My take on this Texas classic includes beans and tomatoes, as well as red onions and celery, and a few peppers added during the simmering process to enhance the overall flavor of this wonderful chili. My apologies to true Texan chili lovers, but I feel like chili ought to taste like what you want it to taste like, with the ingredients that you like, and hence, my version of Will’s Texas-Style Chili. You could correctly call my version a “bowl of really dark red.”
I developed this recipe over the years, but it all began with Wick Fowler’s Famous 2 Alarm Chili Kit. I used to call it “Will’s Simple Homemade Chili,” but I re-worked and tweaked the recipe a bit and felt the name “Chili Rojo,” (Spanish for “Red Chili”) represents the character of this dish more accurately. It is super easy-peasey to make, and is probably one of the greatest “leftover” dishes you will ever prepare.
When I first made this chili some years ago, Wick Fowler’s 2-Alarm Chili Kit was my starting point. According to the information on the packet,
“This 2 Alarm Chili Kit allows you to season to your own personal taste. Make it as hot or as mild as you like. Add as little or all of the red pepper seasoning to make it This chili contains individual seasoning packets. (Chili pepper, corn masa flour, salt, onion, cumin, paprika, red pepper, oregano and garlic.) Make it your own by adding chopped onions or green peppers when browning the meat. You can always add kidney or pinto beans if you prefer or a can of diced tomatoes. Top your chili off with shredded cheese or sour cream.”
Good advice, for sure. You won’t go wrong following the package directions, but an even better idea is to add more of your favorite ingredients, or substitute some/all the recommended ones; whatever they might be, so as to create your own “signature chili,” one which has the ingredients, flavor, and taste that appeals to you and yours.
Their Recommended Ingredients:2 lbs. of ground beef1 – 8 oz. cans of tomato sauce2 – 8 oz. can of water
And, their instructions:
Brown 2 lbs. ground or cubed beef. Drain off the fat. Add the tomatoes, water and seasoning packet. Cover and simmer 30 minutes or until meat is tender, stirring occasionally. For thicker chili, stir Masa Flour packet into 1/4 cup warm water. Stir into chili and simmer 15 to 20 minutes.
Like all recipes, once you take a basic recipe and begin to add or modify the ingredients or instructions, you essentially “take ownership” of the recipe. With appropriate thanks to those who have gone before you, as it were.
Alright then…we start with Wick Fowler’s 2 Alarm Chili Kit, but I add:
2 lbs. of ground beef
You can also use ground turkey or chicken if you prefer – I’ve made it with those ingredients too, and it comes out great whether beef, turkey, or chicken. I like to use “market ground beef” from my local supermarket – it is a 75/25 % mixture of lean/fat, which provides a sufficient amount of flavor)

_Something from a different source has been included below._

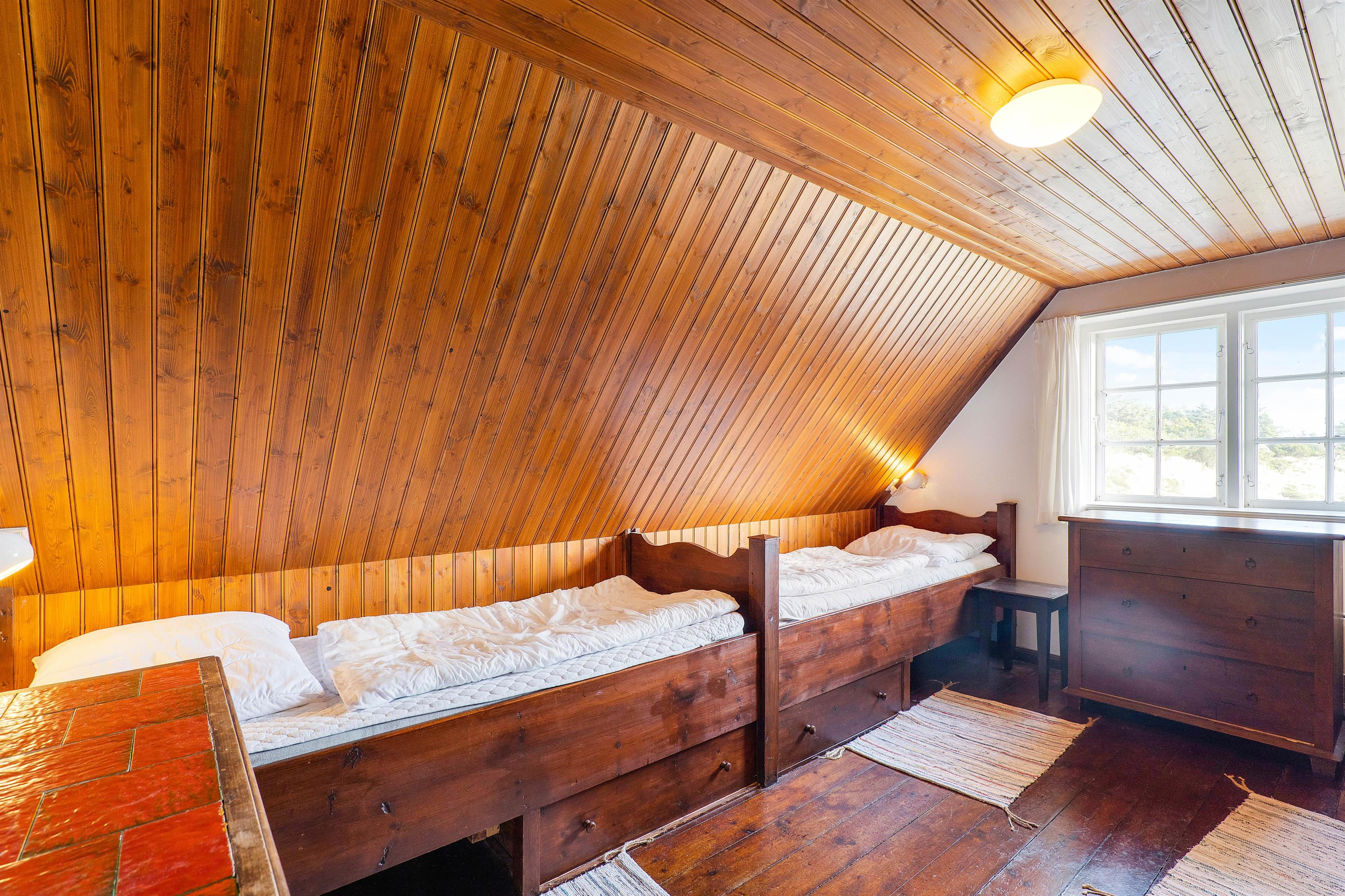 Soveværelserne er med behagelige trægulve. Det ene soveværelse har dobbeltseng og de resterende værelser har enkeltsenge.

1 – 8 oz. can of tomato sauce
2 – 8 oz. cans of water
2 stalks of celery, sliced, 1/2 inch slices
1 medium Bermuda onion, sliced and separated
1 TBSP crushed red peppers
1 jalapeno pepper (optional)
1 habenero pepper (optional)
1 tsp McIlhenny’s Tabasco Pepper Hot Sauce
1-28oz can of Roma tomatoes (my preference, you can use any kind you like)

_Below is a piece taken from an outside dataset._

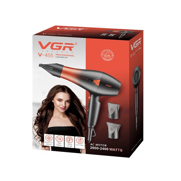 سشوار حرفهای VGR مدل V-455 | پرقدرت، دارای باد سرد و متمرکزکننده هوا
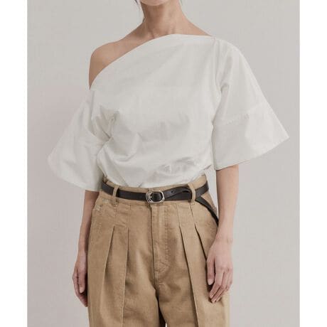 右肩を落として着用するようにデザインしたアシンメトリーなトップス。

2-14.5oz cans dark red kidney beans, liquid included
Salt & pepper to taste
Brown beef in a 7 Qt Dutch oven or equivalent; (I also l-o-v-e my 8 Qt Tramontina and use them both frequently ). Most instructions will tell you to drain the grease off. I prefer to skip this step. If you use a lean ground beef, the amount of fat/grease remaining will be minimal, and I consider it to be a major seasoning element. So I don’t drain it.)
Add tomato sauce, water, and all of Wick Fowler’s seasoning packets except the masa flour – – paprika, cumin, onion flakes, garlic salt, chili powder, and red pepper.

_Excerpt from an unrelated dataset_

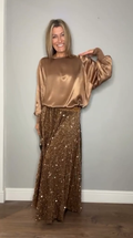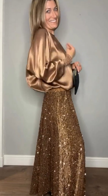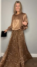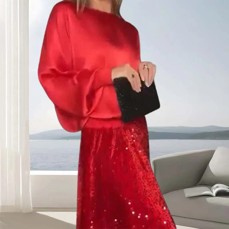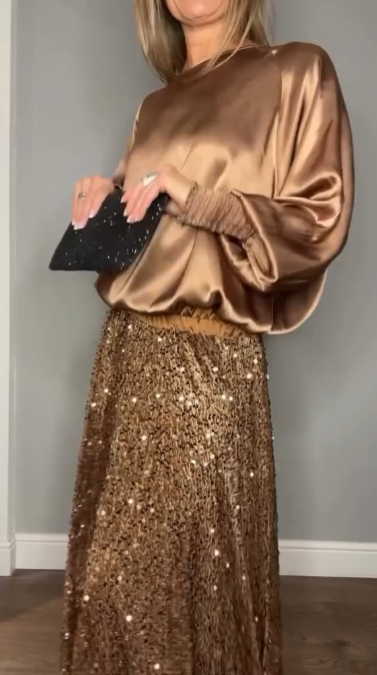 Women's Long Sleeve Top & Sequin Maxi Skirt Two-Piece Set

Add tomatoes, kidney beans, crushed red pepper, hot sauce, salt and pepper.
Use a potato masher to break up the tomatoes – or you can just wait for them to cook down a bit and break them up later.
Slice a jalapeno and a habanero pepper along one side, then skewer with a toothpick to make them easy to find and remove after the chili is done. They will add a nice little extra heat as well as a bit of additional flavor. When the chili is done they can be easily removed (those toothpicks make them easy to find) – or, if you wish, and you like things spicy, just leave them in the chile, but don’t forget to remove the toothpicks. Alternatively, you can chop them up and add them to the chili if you plan on including them.
Cover and slowly bring to a boil, then reduce heat to simmer for 2 hours. Stir occasionally, breaking up the tomatoes as you go if necessary.
Add celery, red onion, stir, and simmer for another 30-45 minutes, or until celery and onions are tender.
Note: I rarely ever use the last step recommended on the boxed instructions, as I like the consistency of the chili as it comes out without adding the masa flour. Some folks like theirs a bit more thickened, and if you’re one of those, just go ahead and add the masa flour mixture thusly:
About 15 minutes before serving, dissolve the masa flour into 1/4 cup hot water to make a thick, but flowable mixture. Stir the masa mixture into the chili. Cover and simmer another 15-20 minutes.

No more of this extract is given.